WORK INSTRUCTION - Copy without pictures. Please restate each line of the listing exactly.

DATA PROVIDED -

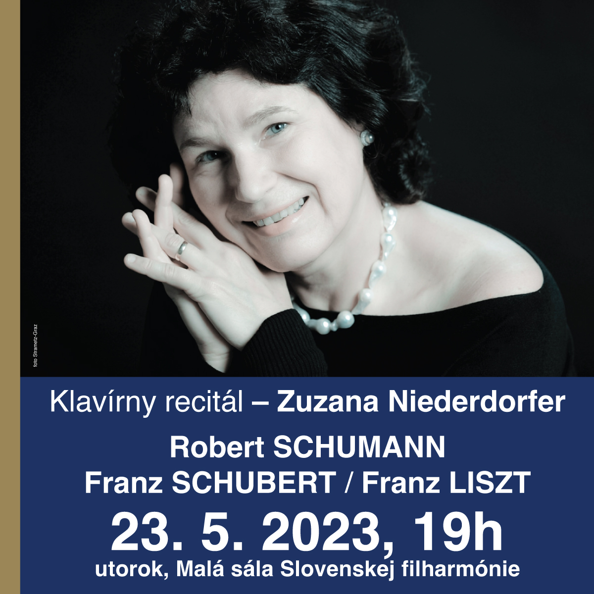 V utorok 23. mája 2023  sa v Slovenskej filharmónii uskutoční záverečný koncert cyklu Klavír a klaviristi. V Malej sále Slovenskej filharmónie sa predstaví popredná  slovenská klaviristka, pôsobiaca v Grazi, Zuzana Niederdorfer. Koncert sa začne o 19.00.
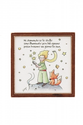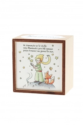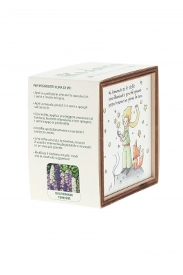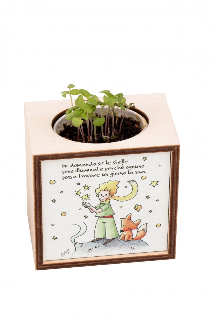 Piantina Kodama in cubo di legno - immagine Piccolo Principe. Dimensioni 10x10 cm
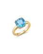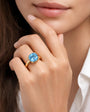 This ring features a brilliant Blue Topaz centerpiece, precisely cut into a cushion shape to maximize light reflection and color depth.

RESULT OF THIS EXERCISE -
 V utorok 23. mája 2023  sa v Slovenskej filharmónii uskutoční záverečný koncert cyklu Klavír a klaviristi. V Malej sále Slovenskej filharmónie sa predstaví popredná  slovenská klaviristka, pôsobiaca v Grazi, Zuzana Niederdorfer. Koncert sa začne o 19.00.
 Piantina Kodama in cubo di legno - immagine Piccolo Principe. Dimensioni 10x10 cm
 This ring features a brilliant Blue Topaz centerpiece, precisely cut into a cushion shape to maximize light reflection and color depth.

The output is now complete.